В петербургском контексте дом 1911 года постройки, довольно типичный для своего времени, выглядит относительным новоделом; показательно, что лишь в 2001 году он был включен в список «вновь выявленных объектов, представляющих историческую, научную, художественную или иную ценность».

Я не склонен к суевериям, но мне бы в таком доме было жить неуютно. Там ведь не только Мефистофель. Еще выше находится совсем уж чудовищное изображение – то ли ворон, то ли фантастическое насекомое с огромным клювом-жалом. Если бы я увидел такое в кино, я бы сразу понял, что смотрю фильм ужасов.

Впрочем, петербуржцы – народ, закаленный блокадой и кучей революций. «В Петербурге жить – словно спать в гробу», – написал Осип Мандельштам, а в гробу не беспокоятся о декоре.

И тем не менее я бы не удивился, если бы ликвидация Мефистофеля оказалась делом рук особо невезучего жильца, приписавшего свои несчастья дурному глазу демона.

Однако неравнодушная общественность тут же обвинила в акте вандализма неких православных экстремистов, фанатиков, мракобесов: мол, напротив дома строится храм Ксении Петербуржской, и будущие прихожане недовольны, что по дороге к храму им придется смотреть на дьявольский лик.

И правда, нельзя же упустить такую замечательную рифму: в то время как ИГИЛ уничтожает сирийскую Пальмиру, наши доморощенные игильчата принялись за Пальмиру Северную. К тому же опять, получается, мы бросаем вызов мировому тренду: в передовой Америке ставят памятник Сатане, а в ретроградной России памятник Сатане разрушают.

Вывод привычный: надо валить из этой страны.

Подыгрывая торопливой общественности, ответственность за демефистофелизацию дома на Лахтинской взяли на себя «Казаки Петербурга». Но это лишь запутало дело: тут же выступили другие казаки, заявив, что никаких «Казаков Петербурга» в природе не существует. Вероятно, это такая же фиктивная организация, как и пресловутые «Коммунисты Санкт-Петербурга и Ленинградской области», от имени которых периодически выпускаются разные абсурдистские заявления.
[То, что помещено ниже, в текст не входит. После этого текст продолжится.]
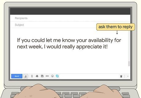 Ask that the recipient replies to your message. Since you’re technically scheduling an event, politely ask that the recipient replies with their availability. If you’re contacting an especially busy individual, remember that they might take a day or 2 to respond. back. For example, say something like this: “If you could let me know your availability for next week, I would really appreciate it!”
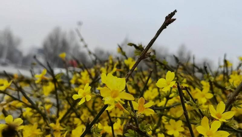 青州市冷空气带来降雨 迎春花开更娇艳
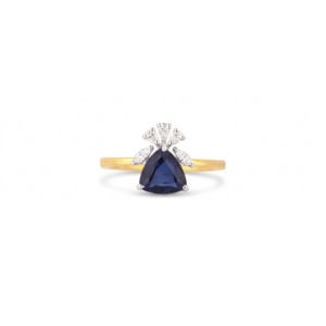 A brilliant blue center stone set within a sparkling star-shaped diamond frame.

Между тем налицо интересная коллизия.

С одной стороны, дом Лишневского, а вместе с ним и низринутый Люцифер, находится под охраной государства, то есть надо его защищать, протестовать и поднимать шум. С другой же стороны, защищать чертей – дело новое, неизведанное. Ходорковского защищали, Навального, Pussy Riot. А Мефистофеля – пока не приходилось.
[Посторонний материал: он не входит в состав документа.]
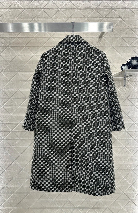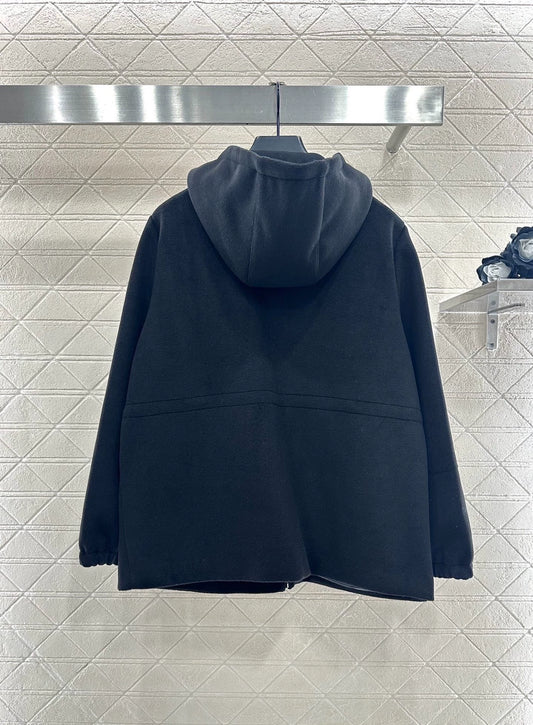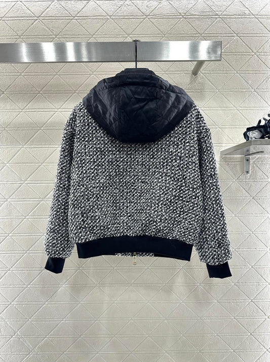 Hooded Jacquard Drawstring Waist Cotton Jacket

Вот что теперь делать? Выходить с футболками JE SUIS MEPHISTO? Это как-то нескромно, знаете ли. Устраивать протестное целование козлиного зада? Негигиенично.

Самые умные эту коллизию поняли, и быстро распространилась версия о том, что дяденька на горельефе – это на самом деле не Мефистофель как таковой, а наш великий певец Федор Шаляпин. Да, в роли Мефистофеля, но ведь Шаляпин. Мол, обожал его архитектор, вот и увековечил. А нетопыриные крылья на самом деле – контур суфлерской будки, хотя что делать оперной звезде в суфлерской будке – решительно непонятно.

Версия эта сомнительна, зато в некоторых источниках можно прочитать, что в первоначальных чертежах архитектора Лишневского никакого Мефистофеля не было, а появился он по настоянию нового владельца дома, якобы сатаниста.

Конец ознакомительного фрагмента.

1
...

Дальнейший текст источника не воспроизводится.